**DATA FOR THE TASK**
——————————

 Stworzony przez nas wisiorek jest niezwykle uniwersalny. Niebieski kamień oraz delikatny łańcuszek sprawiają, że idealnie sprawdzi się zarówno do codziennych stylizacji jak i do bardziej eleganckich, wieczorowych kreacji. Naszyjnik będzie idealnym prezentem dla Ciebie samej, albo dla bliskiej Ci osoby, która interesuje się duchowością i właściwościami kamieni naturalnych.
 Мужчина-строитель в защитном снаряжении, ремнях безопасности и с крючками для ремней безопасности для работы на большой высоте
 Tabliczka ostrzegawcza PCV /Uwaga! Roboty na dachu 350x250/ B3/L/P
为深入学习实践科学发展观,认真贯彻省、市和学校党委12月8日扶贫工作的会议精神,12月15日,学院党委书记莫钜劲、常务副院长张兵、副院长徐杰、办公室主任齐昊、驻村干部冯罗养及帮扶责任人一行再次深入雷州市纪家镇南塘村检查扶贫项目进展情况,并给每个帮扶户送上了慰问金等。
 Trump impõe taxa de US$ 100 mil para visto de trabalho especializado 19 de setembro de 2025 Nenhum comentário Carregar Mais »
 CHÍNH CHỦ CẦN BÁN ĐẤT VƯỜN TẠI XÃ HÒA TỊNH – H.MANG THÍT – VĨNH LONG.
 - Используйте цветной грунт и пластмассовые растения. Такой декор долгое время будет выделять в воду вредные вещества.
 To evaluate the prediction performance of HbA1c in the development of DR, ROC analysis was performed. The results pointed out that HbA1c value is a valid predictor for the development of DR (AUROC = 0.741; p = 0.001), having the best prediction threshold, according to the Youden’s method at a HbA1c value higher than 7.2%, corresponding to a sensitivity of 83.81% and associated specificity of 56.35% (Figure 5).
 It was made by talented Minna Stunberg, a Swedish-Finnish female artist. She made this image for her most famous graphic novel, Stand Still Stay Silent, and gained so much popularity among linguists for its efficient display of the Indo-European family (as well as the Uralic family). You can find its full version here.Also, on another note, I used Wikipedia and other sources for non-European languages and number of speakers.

——————————

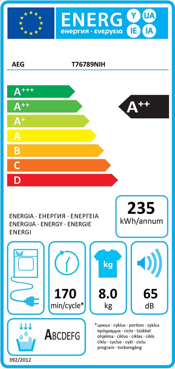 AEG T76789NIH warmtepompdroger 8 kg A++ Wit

——————————

**HOW TO COMPLETE THIS TASK**
Please output exactly the lines between the one holding "Мужчина-строитель в защитном" and the one holding "Trump impõe taxa" in the records above, inclusive, and nothing more.

**SOLUTION TO THIS TASK**
 Мужчина-строитель в защитном снаряжении, ремнях безопасности и с крючками для ремней безопасности для работы на большой высоте
 Tabliczka ostrzegawcza PCV /Uwaga! Roboty na dachu 350x250/ B3/L/P
为深入学习实践科学发展观,认真贯彻省、市和学校党委12月8日扶贫工作的会议精神,12月15日,学院党委书记莫钜劲、常务副院长张兵、副院长徐杰、办公室主任齐昊、驻村干部冯罗养及帮扶责任人一行再次深入雷州市纪家镇南塘村检查扶贫项目进展情况,并给每个帮扶户送上了慰问金等。
 Trump impõe taxa de US$ 100 mil para visto de trabalho especializado 19 de setembro de 2025 Nenhum comentário Carregar Mais »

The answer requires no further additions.